Stored data entries:
Segment Open
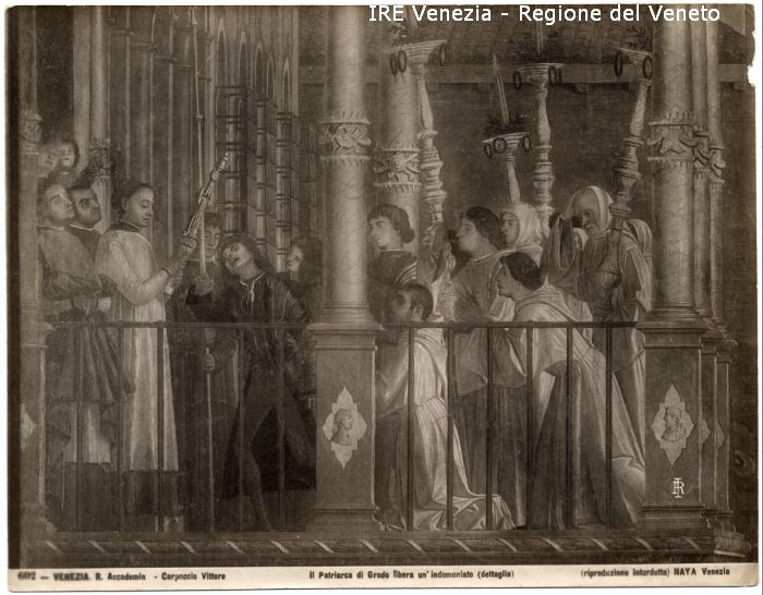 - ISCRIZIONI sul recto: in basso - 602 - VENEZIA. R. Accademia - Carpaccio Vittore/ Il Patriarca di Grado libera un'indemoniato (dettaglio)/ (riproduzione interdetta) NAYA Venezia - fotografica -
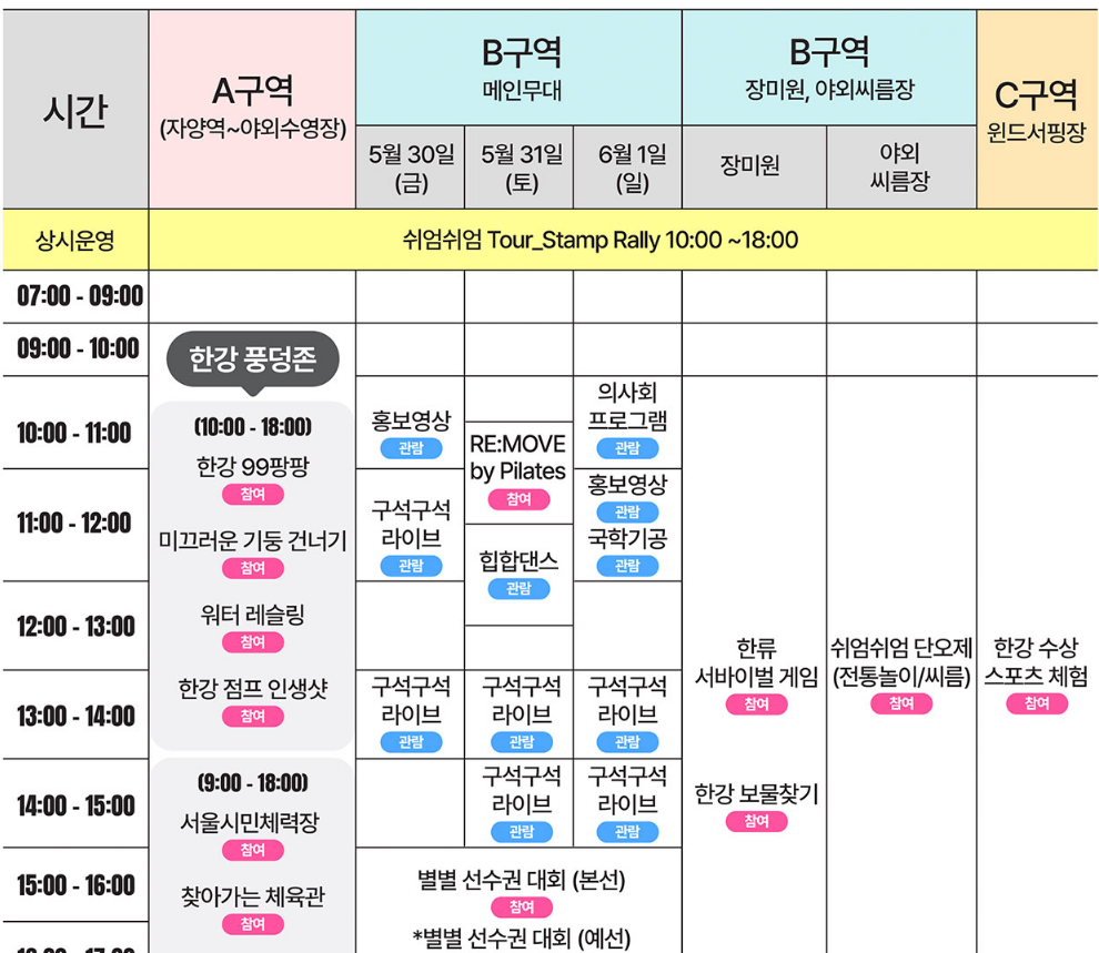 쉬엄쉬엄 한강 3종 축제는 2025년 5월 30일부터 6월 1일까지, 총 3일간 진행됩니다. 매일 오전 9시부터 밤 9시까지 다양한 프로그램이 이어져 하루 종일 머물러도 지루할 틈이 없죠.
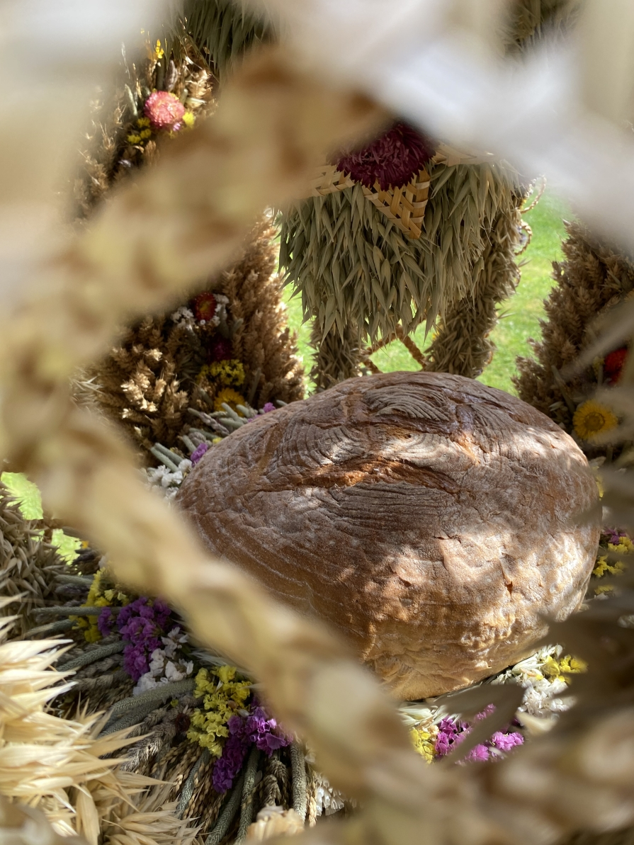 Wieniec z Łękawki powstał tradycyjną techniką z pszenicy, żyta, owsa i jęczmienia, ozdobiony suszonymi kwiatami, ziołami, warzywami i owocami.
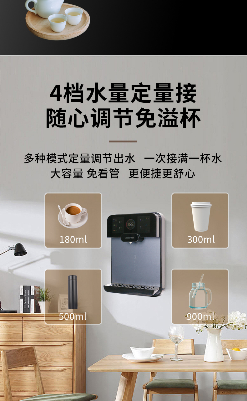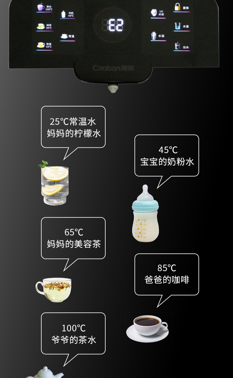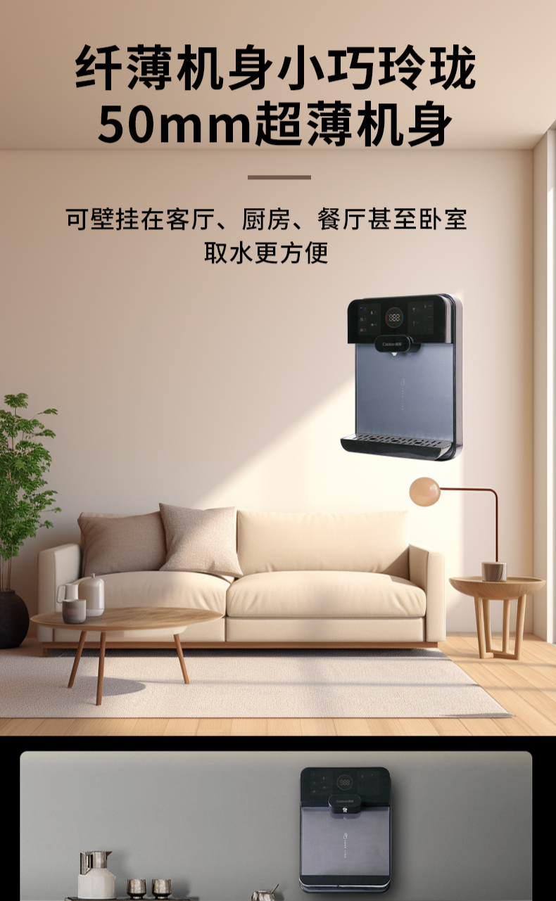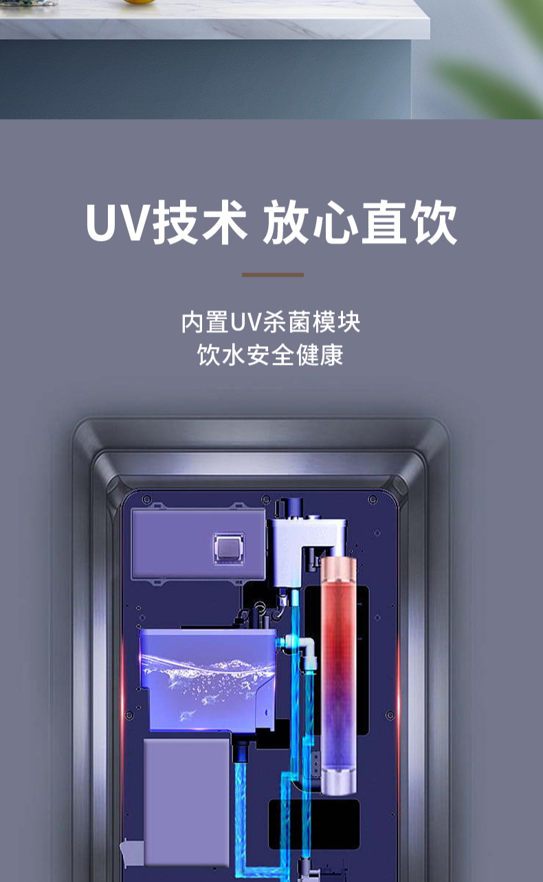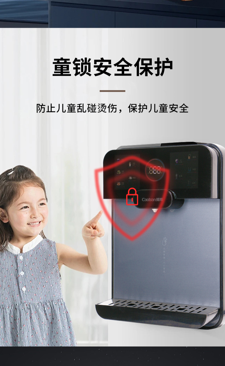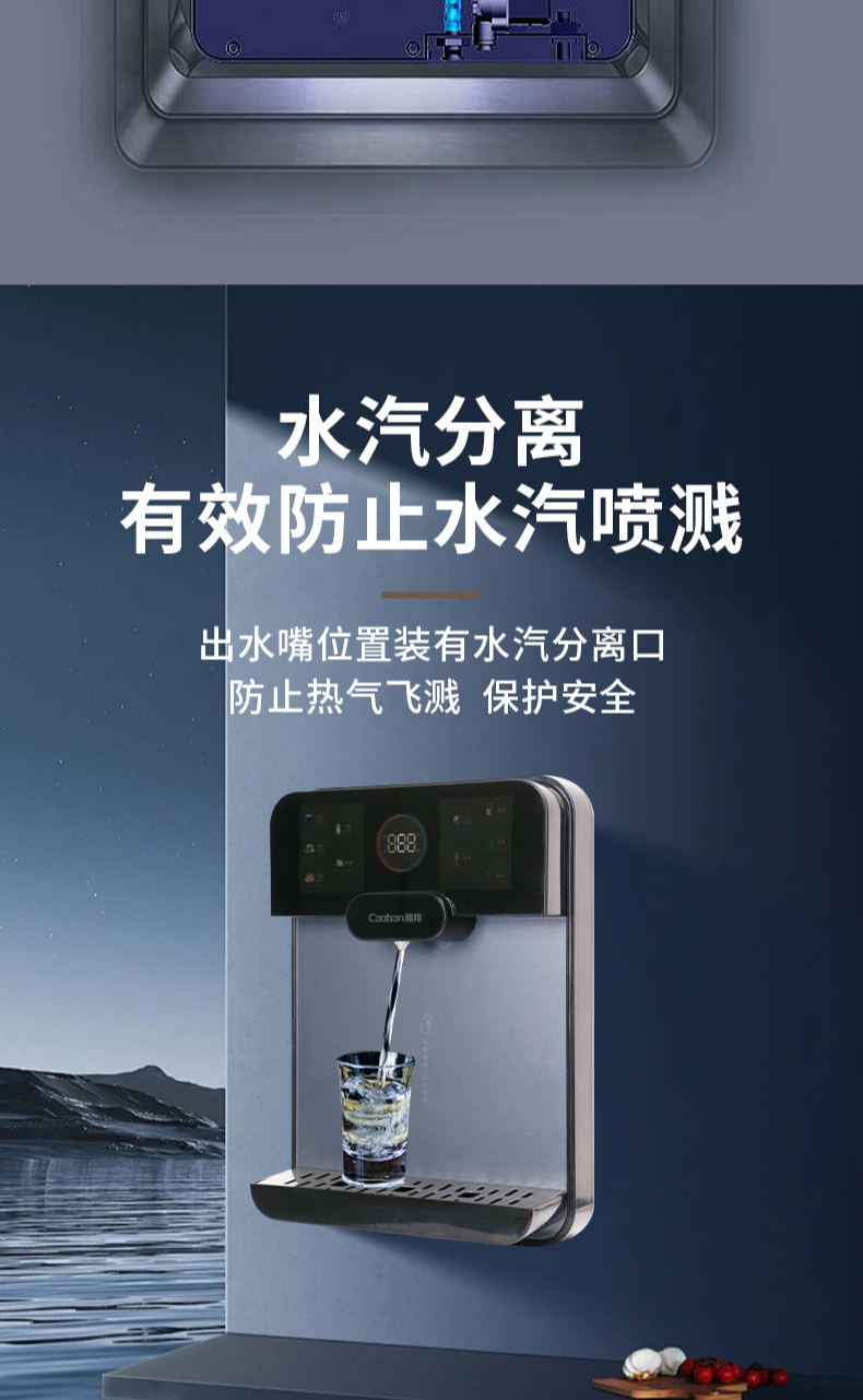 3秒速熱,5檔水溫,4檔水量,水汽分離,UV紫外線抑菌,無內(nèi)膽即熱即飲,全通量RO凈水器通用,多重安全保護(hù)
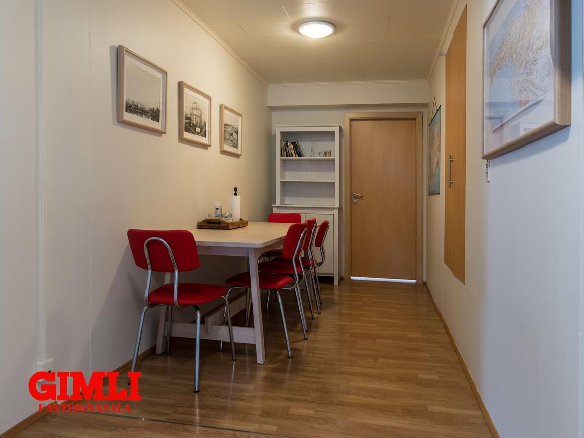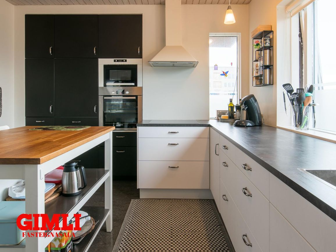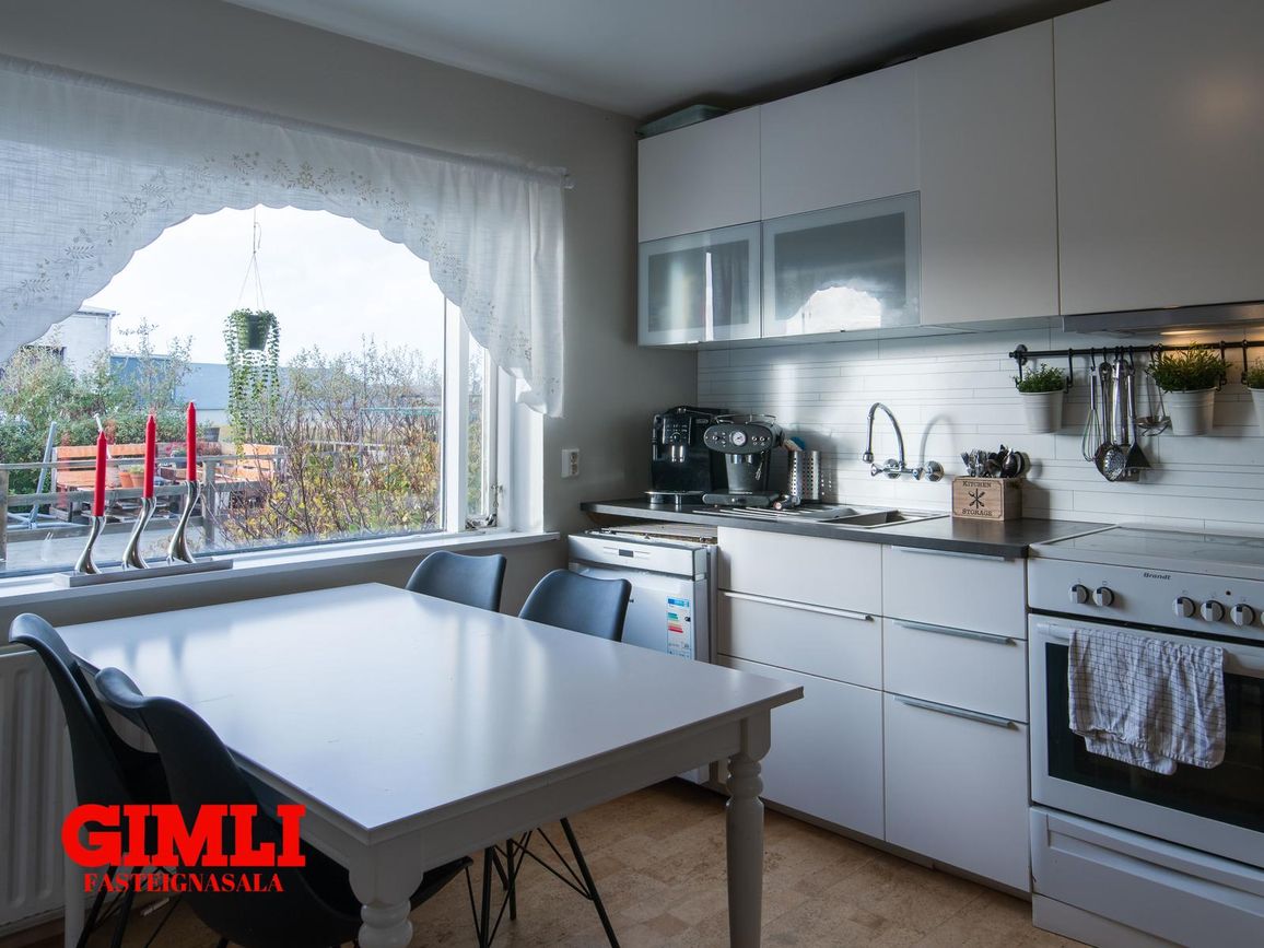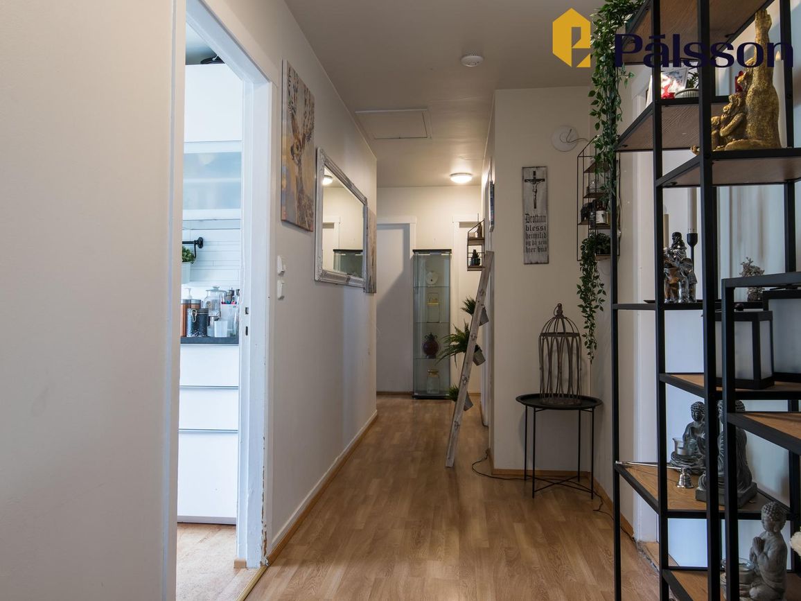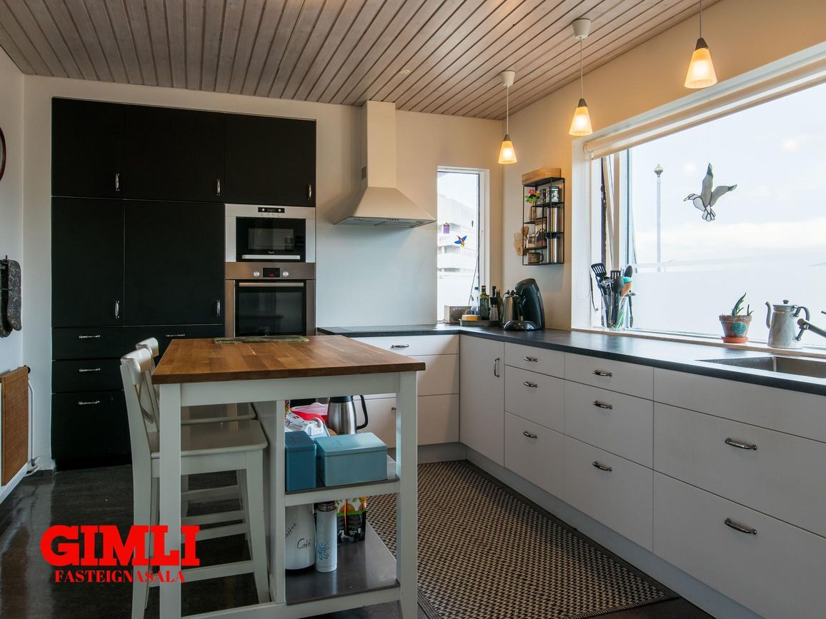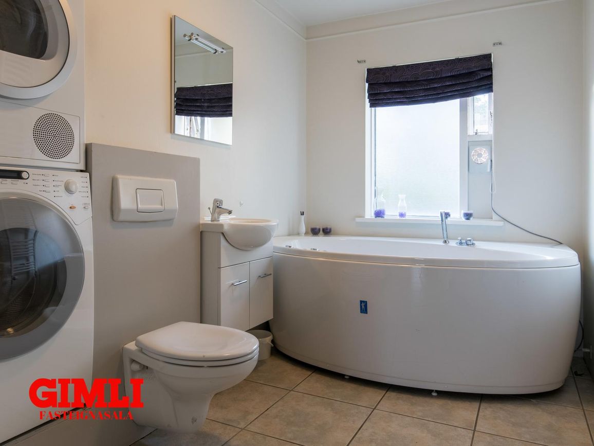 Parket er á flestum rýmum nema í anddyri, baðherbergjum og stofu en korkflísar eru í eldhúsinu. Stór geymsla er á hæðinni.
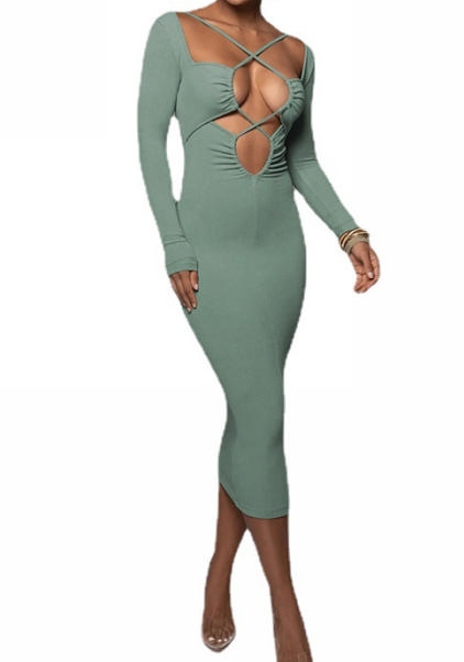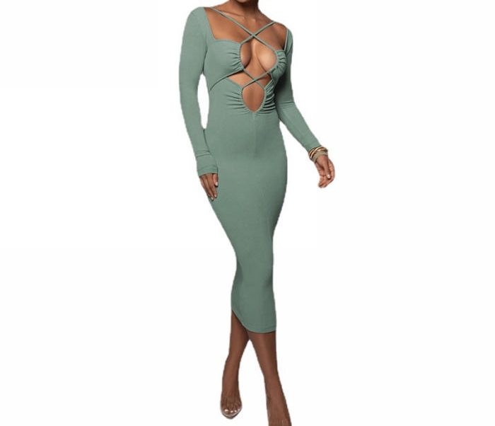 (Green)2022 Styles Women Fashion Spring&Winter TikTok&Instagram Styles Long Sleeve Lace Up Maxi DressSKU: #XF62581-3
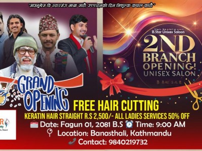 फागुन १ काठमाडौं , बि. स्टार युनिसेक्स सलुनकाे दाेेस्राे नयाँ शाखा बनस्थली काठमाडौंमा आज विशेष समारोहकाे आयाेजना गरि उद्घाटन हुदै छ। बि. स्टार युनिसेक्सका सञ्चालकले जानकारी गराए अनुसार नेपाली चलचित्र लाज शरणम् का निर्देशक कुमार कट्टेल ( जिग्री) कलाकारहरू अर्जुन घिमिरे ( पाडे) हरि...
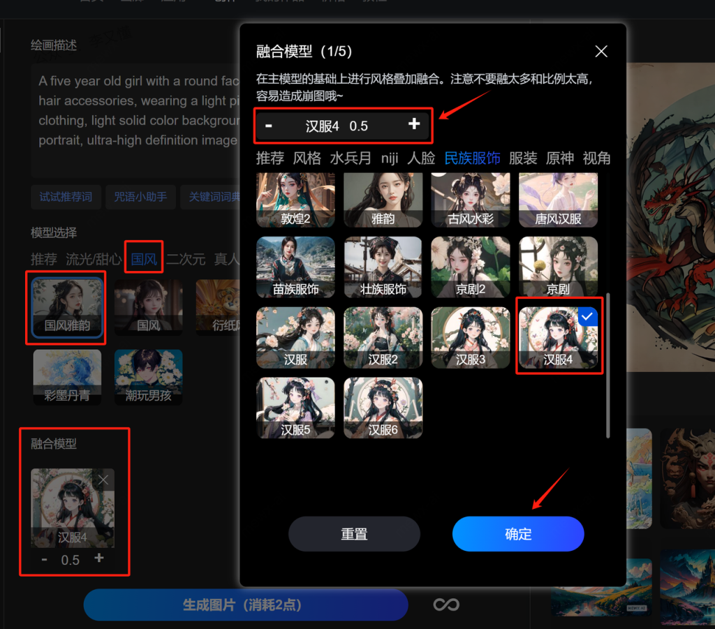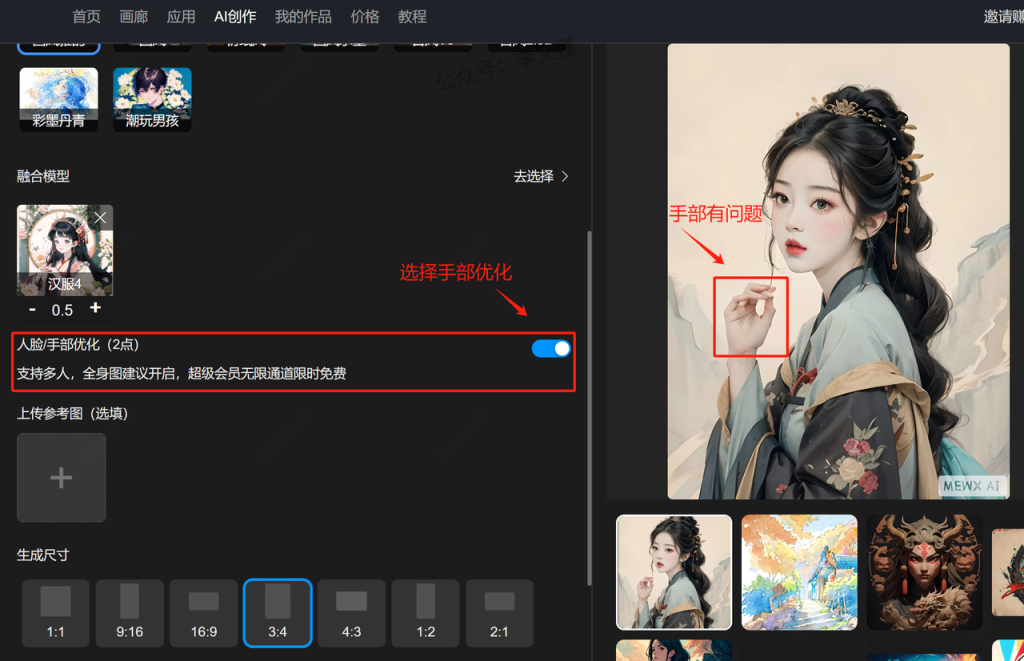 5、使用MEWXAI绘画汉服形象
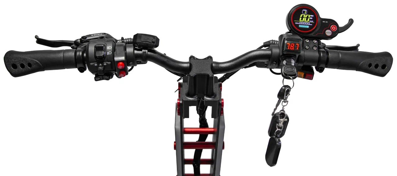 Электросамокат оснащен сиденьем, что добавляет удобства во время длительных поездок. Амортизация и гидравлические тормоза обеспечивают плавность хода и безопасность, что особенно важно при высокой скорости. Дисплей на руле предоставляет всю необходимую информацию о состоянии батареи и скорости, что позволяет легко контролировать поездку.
Segment Closed
WHAT YOU WILL DO:
The answer must be the lines above, word for word, from the first one through the line with "(Green)2022 Styles Women", pictures excluded.

RESULT OF THIS TASK:
 - ISCRIZIONI sul recto: in basso - 602 - VENEZIA. R. Accademia - Carpaccio Vittore/ Il Patriarca di Grado libera un'indemoniato (dettaglio)/ (riproduzione interdetta) NAYA Venezia - fotografica -
 쉬엄쉬엄 한강 3종 축제는 2025년 5월 30일부터 6월 1일까지, 총 3일간 진행됩니다. 매일 오전 9시부터 밤 9시까지 다양한 프로그램이 이어져 하루 종일 머물러도 지루할 틈이 없죠.
 Wieniec z Łękawki powstał tradycyjną techniką z pszenicy, żyta, owsa i jęczmienia, ozdobiony suszonymi kwiatami, ziołami, warzywami i owocami.
 3秒速熱,5檔水溫,4檔水量,水汽分離,UV紫外線抑菌,無內(nèi)膽即熱即飲,全通量RO凈水器通用,多重安全保護(hù)
 Parket er á flestum rýmum nema í anddyri, baðherbergjum og stofu en korkflísar eru í eldhúsinu. Stór geymsla er á hæðinni.
 (Green)2022 Styles Women Fashion Spring&Winter TikTok&Instagram Styles Long Sleeve Lace Up Maxi DressSKU: #XF62581-3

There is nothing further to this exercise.